Sea surface temperatures (SSTs) remained weakly negative over portions of the central and eastern equatorial Pacific during September, with all four Nio region indices indicating SSTs within 0.5C of normal for the second consecutive month (Fig. T18, Table T2). The oceanic thermocline remained deeper than normal in the west-central and western equatorial Pacific during September (Fig. T16), although it has shoaled 20-30 meters in that region during the past 6 months (Fig. T15). Consistent with this evolution, temperature anomalies at thermocline depth have decreased from 4-6C above normal in April to 2-3C above normal in September (Fig. T17). Over most of the eastern and east-central equatorial Pacific the depth of the thermocline remained slightly shallower than normal (Fig. T15), which is consistent with the persistence of below-average temperatures in that region (Fig. T17).

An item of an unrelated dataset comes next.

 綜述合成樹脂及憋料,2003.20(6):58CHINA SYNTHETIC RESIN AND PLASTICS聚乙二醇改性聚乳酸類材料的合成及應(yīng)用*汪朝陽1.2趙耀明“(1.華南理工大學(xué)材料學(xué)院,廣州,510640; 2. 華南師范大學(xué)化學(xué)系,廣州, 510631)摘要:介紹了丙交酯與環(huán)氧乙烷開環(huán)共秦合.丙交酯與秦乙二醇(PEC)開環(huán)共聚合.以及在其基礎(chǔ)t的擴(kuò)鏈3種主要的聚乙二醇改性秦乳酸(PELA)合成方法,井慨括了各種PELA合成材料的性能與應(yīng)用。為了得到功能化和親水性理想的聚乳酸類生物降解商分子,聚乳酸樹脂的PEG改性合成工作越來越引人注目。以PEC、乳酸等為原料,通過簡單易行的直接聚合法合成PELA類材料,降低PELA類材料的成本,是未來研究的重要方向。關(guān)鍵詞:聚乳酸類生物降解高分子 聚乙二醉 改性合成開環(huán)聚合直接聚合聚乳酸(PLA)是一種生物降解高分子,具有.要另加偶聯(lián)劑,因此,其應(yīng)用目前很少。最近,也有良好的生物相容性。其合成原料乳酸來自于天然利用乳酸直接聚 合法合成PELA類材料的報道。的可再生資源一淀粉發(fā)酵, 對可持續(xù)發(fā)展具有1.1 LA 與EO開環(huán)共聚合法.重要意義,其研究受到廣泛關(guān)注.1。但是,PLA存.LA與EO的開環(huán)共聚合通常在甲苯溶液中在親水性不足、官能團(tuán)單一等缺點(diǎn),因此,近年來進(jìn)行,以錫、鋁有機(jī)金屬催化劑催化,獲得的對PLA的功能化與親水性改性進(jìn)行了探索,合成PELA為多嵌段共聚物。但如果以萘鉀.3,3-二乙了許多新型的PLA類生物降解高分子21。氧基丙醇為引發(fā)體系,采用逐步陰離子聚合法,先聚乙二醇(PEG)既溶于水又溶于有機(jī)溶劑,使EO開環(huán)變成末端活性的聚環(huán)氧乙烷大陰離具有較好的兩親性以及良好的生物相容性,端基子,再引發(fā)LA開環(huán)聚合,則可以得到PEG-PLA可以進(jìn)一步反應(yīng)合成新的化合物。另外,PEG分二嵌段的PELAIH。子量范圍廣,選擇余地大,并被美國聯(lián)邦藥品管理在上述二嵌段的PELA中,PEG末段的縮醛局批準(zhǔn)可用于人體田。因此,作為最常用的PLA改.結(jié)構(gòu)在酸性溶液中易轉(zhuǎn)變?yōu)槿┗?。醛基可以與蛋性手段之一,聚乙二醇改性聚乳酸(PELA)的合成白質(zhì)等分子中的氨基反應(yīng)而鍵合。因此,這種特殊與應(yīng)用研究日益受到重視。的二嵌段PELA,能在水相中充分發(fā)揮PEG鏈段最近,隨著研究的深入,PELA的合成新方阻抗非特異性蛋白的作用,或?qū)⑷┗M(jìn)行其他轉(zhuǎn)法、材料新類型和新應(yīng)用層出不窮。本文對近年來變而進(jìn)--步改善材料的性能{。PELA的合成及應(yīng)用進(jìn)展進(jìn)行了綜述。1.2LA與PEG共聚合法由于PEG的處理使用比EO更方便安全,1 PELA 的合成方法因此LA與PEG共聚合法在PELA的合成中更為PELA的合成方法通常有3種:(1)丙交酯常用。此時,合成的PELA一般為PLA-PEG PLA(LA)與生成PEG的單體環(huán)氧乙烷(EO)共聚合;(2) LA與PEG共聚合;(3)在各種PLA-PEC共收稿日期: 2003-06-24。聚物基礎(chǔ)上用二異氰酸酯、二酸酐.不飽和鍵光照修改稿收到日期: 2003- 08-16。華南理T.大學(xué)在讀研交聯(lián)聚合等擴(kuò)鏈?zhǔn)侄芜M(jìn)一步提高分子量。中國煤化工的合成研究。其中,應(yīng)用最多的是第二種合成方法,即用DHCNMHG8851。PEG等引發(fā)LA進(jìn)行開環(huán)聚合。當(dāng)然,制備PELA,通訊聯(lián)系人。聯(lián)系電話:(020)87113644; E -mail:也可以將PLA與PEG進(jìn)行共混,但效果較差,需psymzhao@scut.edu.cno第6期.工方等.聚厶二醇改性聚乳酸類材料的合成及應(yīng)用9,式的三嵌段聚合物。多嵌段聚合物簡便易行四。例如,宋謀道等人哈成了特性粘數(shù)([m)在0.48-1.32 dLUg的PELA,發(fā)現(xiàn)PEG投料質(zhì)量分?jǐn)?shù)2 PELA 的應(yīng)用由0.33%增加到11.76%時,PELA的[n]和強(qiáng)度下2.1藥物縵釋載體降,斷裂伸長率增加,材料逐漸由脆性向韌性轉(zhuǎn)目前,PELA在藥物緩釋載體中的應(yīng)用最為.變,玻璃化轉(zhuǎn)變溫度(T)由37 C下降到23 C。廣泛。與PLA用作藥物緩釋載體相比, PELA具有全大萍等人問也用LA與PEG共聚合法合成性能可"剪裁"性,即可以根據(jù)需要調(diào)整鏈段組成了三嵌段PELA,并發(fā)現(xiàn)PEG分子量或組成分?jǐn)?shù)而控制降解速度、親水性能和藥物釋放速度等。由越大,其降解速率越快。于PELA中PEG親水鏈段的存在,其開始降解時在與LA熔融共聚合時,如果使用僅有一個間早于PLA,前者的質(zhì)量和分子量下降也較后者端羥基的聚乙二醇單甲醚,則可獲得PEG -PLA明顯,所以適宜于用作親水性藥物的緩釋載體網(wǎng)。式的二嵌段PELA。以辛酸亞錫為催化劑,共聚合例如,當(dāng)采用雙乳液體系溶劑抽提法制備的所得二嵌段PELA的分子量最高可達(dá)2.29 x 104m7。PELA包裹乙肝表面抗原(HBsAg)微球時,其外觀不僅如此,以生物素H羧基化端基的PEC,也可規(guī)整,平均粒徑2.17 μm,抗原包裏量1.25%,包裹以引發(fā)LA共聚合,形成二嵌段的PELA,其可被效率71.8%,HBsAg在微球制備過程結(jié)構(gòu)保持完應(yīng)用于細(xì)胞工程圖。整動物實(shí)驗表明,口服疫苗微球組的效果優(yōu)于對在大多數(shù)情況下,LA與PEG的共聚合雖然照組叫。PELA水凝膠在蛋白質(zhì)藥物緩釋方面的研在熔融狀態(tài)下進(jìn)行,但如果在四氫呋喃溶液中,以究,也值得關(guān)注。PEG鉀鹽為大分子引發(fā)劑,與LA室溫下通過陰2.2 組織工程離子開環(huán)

Tropical convection during September [as inferred from anomalous outgoing longwave radiation (OLR)] was below-normal over the western and central Pacific (Figs. T1, T25). Tropical intraseasonal activity (Madden-Julian Oscillation-MJO), with a period near 45 days, has increased over the past six months (Fig. T11). During September, the MJO activity was associated with the decreased convective activity over the western and central Pacific. Elsewhere, convection and rainfall was below normal over the African Sahel, which continues the drier-than-normal Sahel rainy season.

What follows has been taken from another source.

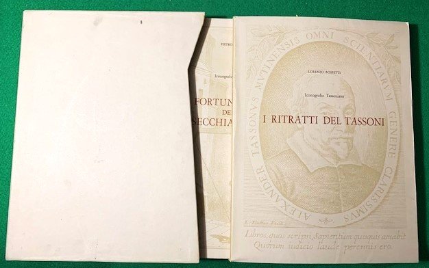 In 4° grande (43 cm); 2 vol.: 324, (4) pp. e con le riproduzioni di tutte le tavole delle edizioni illustrate della Secchia Rapita (CX tavole) e 116, (2) pp. con le riproduzioni di ritratti del Tassoni (XLVII tavole). Astuccio editoriale in cartoncino rigido. Sopraccoperte editoriali illustrate. Esemplare in buone-ottime condizioni di conservazione. Lo studio più importante mai realizzato sull'iconografia tassoniana e la più importante bibliografia sulle edizioni tassoniane.

Low-level (850 hPa) easterly wind anomalies persisted over the western equatorial Pacific during September (Fig. T20, Table T1), while large cross-equatorial flow and westerly wind anomalies developed over the eastern half of the tropical Pacific. This pattern of low-level winds was consistent with the suppressed convection over the central tropical Pacific, and also with a strengthening of the ITCZ over the eastern Pacific (Figs. T25, T23 bottom). At upper levels, easterly anomalies were observed over the east-central Pacific for the first time since September 1999 (Fig. T3).

The sea level pressure (SLP) pattern across the Tropics during September featured weak negative anomalies across the Atlantic and Indian Oceans and weak positive anomalies over the Pacific Ocean (Fig. T19). This pattern was associated with an increase in both the Southern Oscillation Index (SOI) and the equatorial SOI to 1.0 for September (Table T1, Fig. T2).